Rainy season has begun. We are sitting through our biggest storm of the new season, and it’s only our second. It rained on us Saturday afternoon, a nice little shower, as we sat in the parking lot of the fastest internet service provider in town trying to Skype with the Mission Vision Team of Landmark Church of Christ, our primary supporting congregation. Yesterday we got our first good rain here at the house, but not this heavy or brilliant. Now it is raining: cats and dogs, buckets, gushers, raining up a storm, a real gullywhomper thunderstorm.
And it is lightening. Most of the strikes are 2.5-3 seconds away. One was less, and threw our main breaker. I had just unplugged our laptop, the printer next to it, a heavy-duty surge protector which fed the electronic piano, and an uninterrupted power supply which carries our desktop.
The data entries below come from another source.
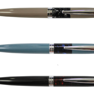 메탈에 블랙/브라운/웜그린 락카 도장 ■ 장식부 : 아크릴수지 ■ 리필 : 부드러운 필기감의 1.0mm TC ball (Germany) ■ 클립에 P자 로고 음각처리 ■ 레이저(골드색상),실크,패드 인쇄가능 |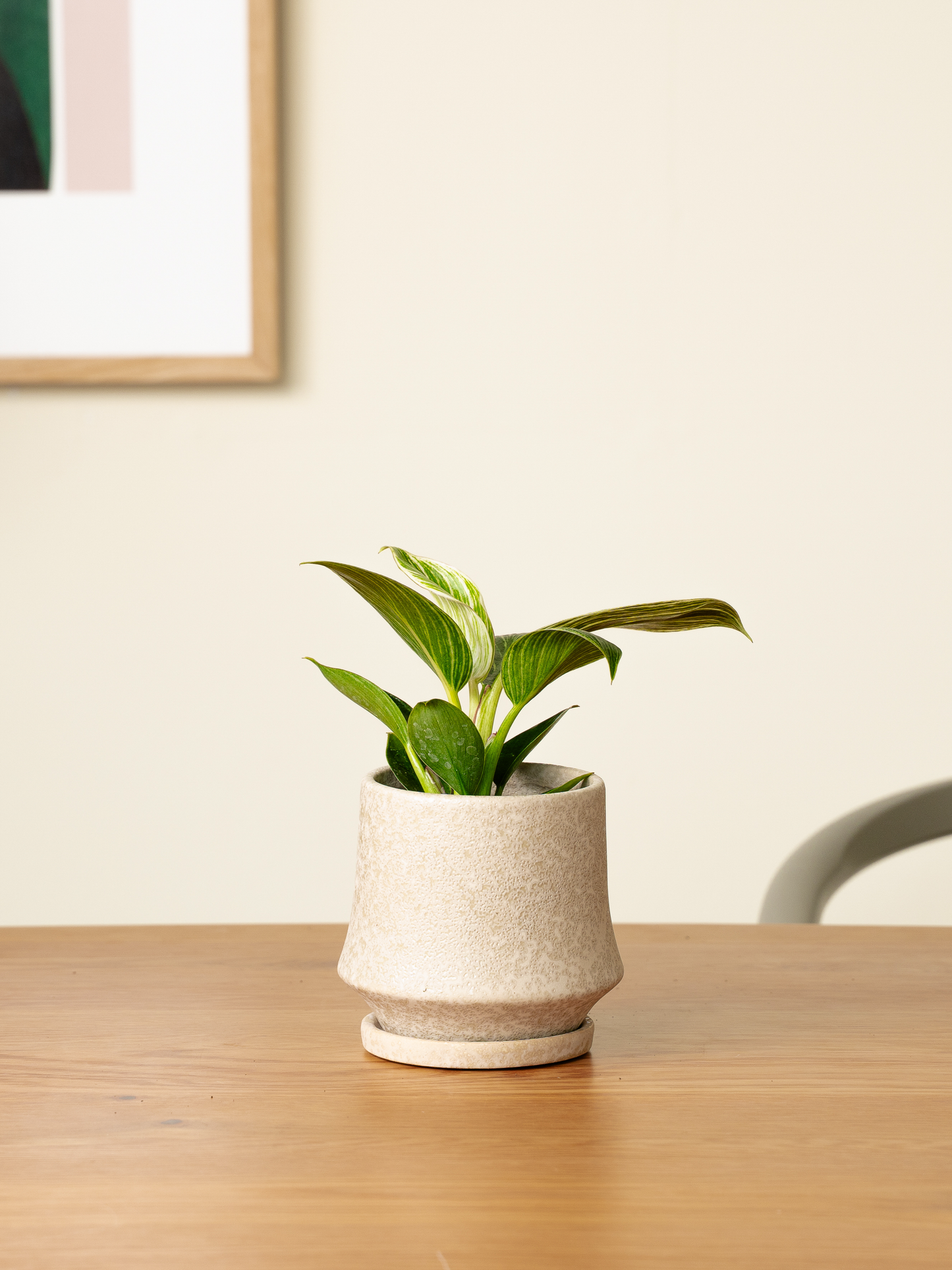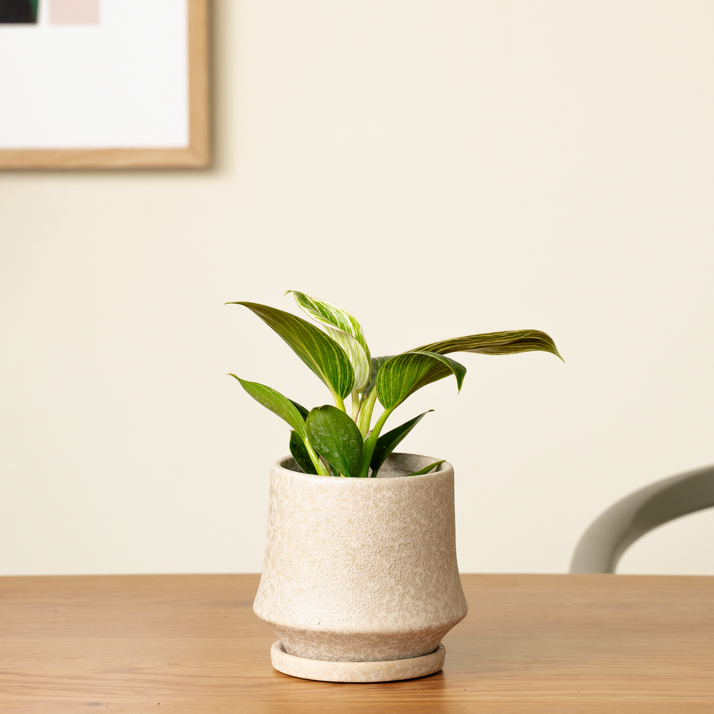 フィロデンドロン・バーキンは、深い緑に白いストライプ模様が入った葉が特徴の観葉植物です。成長は比較的ゆっくりで、コンパクトなサイズ感も相まって室内での管理がしやすく、初心者にも人気があります。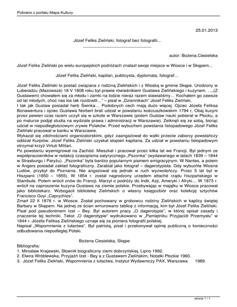 Pobrano z portalu Mapa Kultury 25.01.2013 Józef Feliks Zieliński, fotograf bez fotografii... ____________________________ autor: Bożena.Ciesielska Józef Feliks Zieliński po wielu europejskich podróżach znalazł swoje miejsce w Wiosce i w Skępem... Józef Feliks Zieliński, kapitan, publicysta, dyplomata, fotograf… Józef Feliks Zieliński to postać związana z rodziną Zielińskich i z Wioską w gminie Skępe. Urodzony w Luberadzu (Mazowsze) 18 V 1808 roku był prawie rówieśnikiem Gustawa Zielińskiego i kuzynem. …„(Z Gustawem) chowałem się za młodu i zamki na lodzie nieraz razem stawialiśmy… Kochałem go zawsze od lat młodych, choć nas los tak rozdzielił…” – pisał w „Dziennikach” Józef Feliks Zieliński. I tak jak Gustaw posiadał herb Świnka… Podobnych cech mają dużo więcej. Ojciec Józefa Feliksa Bonawentura i ojciec Gustawa Norbert brali udział w powstaniu kościuszkowskim 1794 r. Obaj kuzyni przez pewien czas razem uczyli się w szkole w Warszawie (potem Gustaw nauki pobierał w Płocku, a po maturze podjął studia na wydziale prawa i administracji w Warszawie). Zetknęli się ze sobą, biorąc udział w niepodległościowym zrywie Polaków. Przed wybuchem powstania listopadowego Józef Feliks Zieliński pracował w banku w Warszawie. Wykazał się zdolnościami organizatorskimi, gdyż zaangażował do walki przeciw zaborcy powstańczy oddział Kurpiów. Józef Feliks Zieliński uzyskał stopień kapitana. Za udział w powstaniu listopadowym otrzymał krzyż Virtuti Militari. Po powstaniu wyemigrował na Zachód. Mieszkał i pracował przez kilka lat we Francji. Był jednym ze współpracowników w redakcji czasopisma satyrycznego „Pszonka” (wydawanego w latach 1839 – 1844 w Strasburgu i Paryżu). „Pszonka” była bardzo popularnym pismem emigracyjnym. W Nantes, a potem w Angers posiadał zakład fotograficzny. Zarabiał jako fotograf – dagerotypista. Gdy wybuchła Wiosna Ludów, przybył do Poznania. Nie angażował się jednak w ruch wyzwoleńczy. Przez 5 lat był w Hiszpanii (1850 – 1855). W 1854 r. został nagrodzony urzędem attaché rządu hiszpańskiego w Stambule. Potem wrócił znów do Francji. Marzył o podróży do Indii, Azji, Ameryki i Afryki… W 1873 r. wrócił na zaproszenie kuzyna Gustawa na ziemie polskie. Przebywając w majątku w Wiosce pracował jako bibliotekarz. Wzbogacił bibliotekę Zielińskich o własny księgozbiór oraz kolekcję sztychów Francisco Goyi „Caprychios”. Zmarł 22 II 1878 r. w Wiosce. Został pochowany w grobowcu rodziny Zielińskich w kaplicy świętej Barbary w Skępem. Na jednej ze ścian wmurowano tablicę z informacją, kim był Józef Feliks Zieliński. Pisał pod pseudonimem Izet – Bey. Był autorem pracy „O dagerotypie”, w której opisał zasady i znaczenie tej techniki. Tekst „O dagerotypie” wydrukowano w „Pamiętniku Przyjaciół Przemysłu” w 1844 r. Józefa Feliksa Zielińskiego uznaje się za pioniera fotografii polskiej. Napisał „Wspomnienia z tułactwa”. Był patriotą, pisał i przekonywał opinię publiczną o konieczności odbudowania niepodległej Polski. Bożena Ciesielska, Skępe Bibliografia: 1. Mirosław Krajewski, Słownik biograficzny ziemi dobrzyńskiej, Lipno 1992. 2. Elwira Wróblewska, Przyjaźń Izet - Bey̩̹ʹa z Gustawem Zielińskim, Notatki Płockie 1960. 3. Józef Feliks Zieliński, Wspomnienia z tułactwa, Instytut Wydawniczy PAX, Warszawa 1989. strona 1 / 1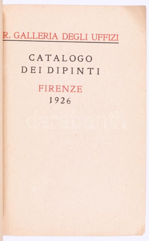 Catalogo dei Dipinti. Firenze, 1926. Kiadói papírkötés.

Then the blue-white flash of light and “Craaackkkk”. Our house is on the highest hill for some miles around. I am aware that we could use lightning rods, but our house built on a rock would have a hard time finding ground. How long can the lead wire be?
Two weeks ago it was hot, very hot. But about a week ago, as rain began to fall within sight of the house, the temperature graciously dipped as well. The clouds have been hiding the sun and the breeze has kissed our arms and brows after coming through the drops that we can see falling in the distance: relief from the heat. The sun has passed overhead on its journey south in relation to the earth, and will be back in a few weeks, after its overhead rendezvous with the tropic of Capricorn. Though my logic says it should remain hot, a critical point has been reached such that the updrafts provoked by those rays work steadily every morning lofting water droplets off Lake Malawi and the Indian Ocean which in turn cool, condense and fall to freshen the breeze blowing our way. Even from unseen parts we feel the results. Where seen, it is beautiful as the cumulonimbus billow overhead higher than we fly when coming here, sheets of rain fall, marching across the Lumbadzi River valley north and east of us, progressively hiding the Dowa mountains in the distance, visually demonstrating the process which brings us relief, and water to settle the dust and seemingly awaken the world.
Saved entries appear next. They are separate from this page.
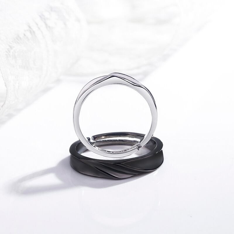 LIVVY シルバーカラースムーズリング女性黒ラウンドジュエリー美しい指オープンリングパーティー誕生日ギフト ブラック 指輪 銀 Liv75891673790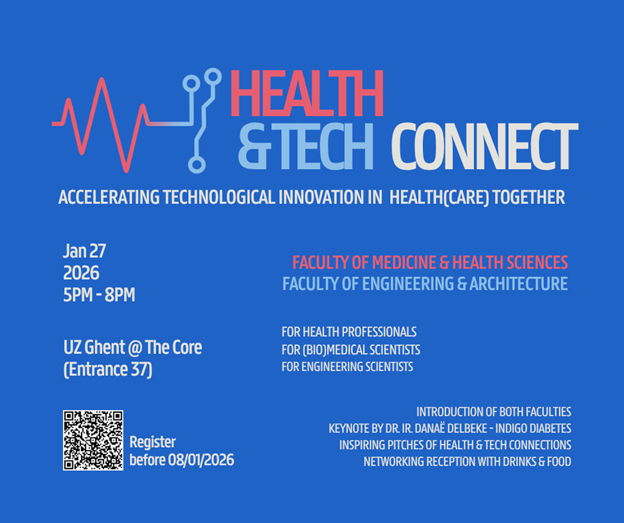 Join us on Tuesday, 27 January 2026, at Campus UZ Ghent for Health & Tech Connect 2026, a unique networking event where the Faculties of Medicine & Health Sciences and of Engineering & Architecture bring together health professionals, (bio)medical researchers and engineers to foster technological innovation in health(care).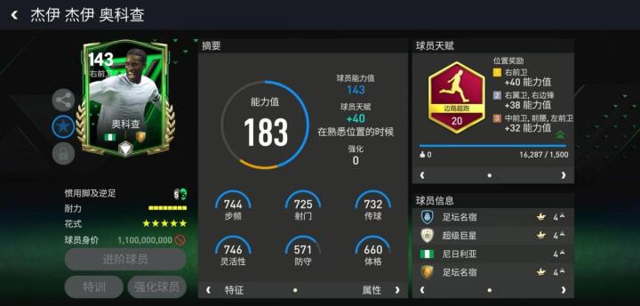 绰号“飞鸟”的奥科查是尼日利亚足坛的代表人物。创始俱乐部传奇版本奥科查配备了边路超跑天赋,对他的盘带突破以及速度优势都有进一步提升。实战中,奥科查在边路的进攻相当出色,能传能突,表现全面。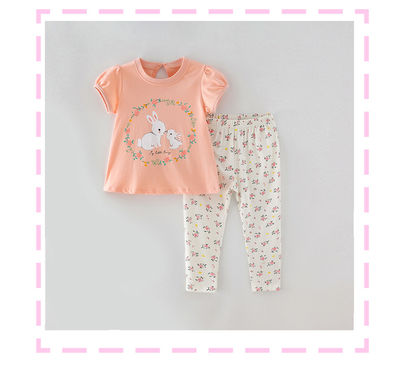 Malwee 아동 반팔 티셔츠 세트 유럽과 미국 소녀 아동복 여름 아기 반 소매 바지 서양 스타일 2 피스 도매스토어 가기

Many have already planted. Others are doing so now. Napoleon and other large farmers are busy spraying herbicides before their fields are taken over ere the corn even sprouts. Fields prepared by hand have been ready for several weeks revealing freshly brown broken lumps of clay. A few are still being turned by hoe. But now it is planting time, and most are at it. The frogs form a deep-throated “amen” chorus, welcoming the gushers as the storm passes and the rain subsides to a drizzle. The birds sing after the rain as if it were morning again, and maybe it is, a seasonal morning of new life.
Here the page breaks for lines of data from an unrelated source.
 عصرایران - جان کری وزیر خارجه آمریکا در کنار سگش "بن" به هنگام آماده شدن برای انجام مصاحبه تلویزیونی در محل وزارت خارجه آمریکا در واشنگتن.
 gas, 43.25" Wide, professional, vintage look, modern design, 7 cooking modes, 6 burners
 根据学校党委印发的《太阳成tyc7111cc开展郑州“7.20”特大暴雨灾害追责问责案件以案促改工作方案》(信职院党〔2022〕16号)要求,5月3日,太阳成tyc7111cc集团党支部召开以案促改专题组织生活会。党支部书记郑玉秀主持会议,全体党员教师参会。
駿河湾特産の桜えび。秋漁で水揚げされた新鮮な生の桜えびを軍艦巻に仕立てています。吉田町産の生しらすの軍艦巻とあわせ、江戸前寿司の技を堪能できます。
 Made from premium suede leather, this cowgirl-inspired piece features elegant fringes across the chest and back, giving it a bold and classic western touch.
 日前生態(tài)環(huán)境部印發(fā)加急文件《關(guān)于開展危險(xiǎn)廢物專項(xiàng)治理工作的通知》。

For several days now the little orange and blue-black beetles (see “Lava Bugs”, posted Wednesday, March 17) have swarmed our ceiling and walls. We’ve learned that the mosquito coils we use have no effect on them, but they occasionally do fall off the ceiling to crawl through hats and hair, down our necks or up our sleeves. Interesting little critters—they do keep you awake in the late evenings with dim light and the press of the day every heavier on the eyelids. The mosquito population has not changed much yet. But they will soon catch up. We’ve been trying to get the holes in our roof patched and some better screens on our house, whose windows are filled with an eclectic ensemble of American and African architecture, each having its respective advantages, mostly in its proper place, but together conflicting frustratingly and preventing the best use of each the other’s features. The carpenters on campus have been tied up for weeks on other projects of higher priority, so we are making efforts to get those underway—and hopefully finished—soon. Then the blessings of rainy season will not be slighted by its problems, and we’ll be able to enjoy without compromise the cool rebirth of life which will bless the next few months.
Then today I learned that a dear friend and her husband are both infected with HIV, and he is ill. I am poignantly reminded in this season otherwise refreshing of the wise preacher’s comment that there is a time for everything: a time to be born and a time to die, a time to be happy, and a time to be sad. And sometimes in the many lives playing out before us, those times come to meet each other.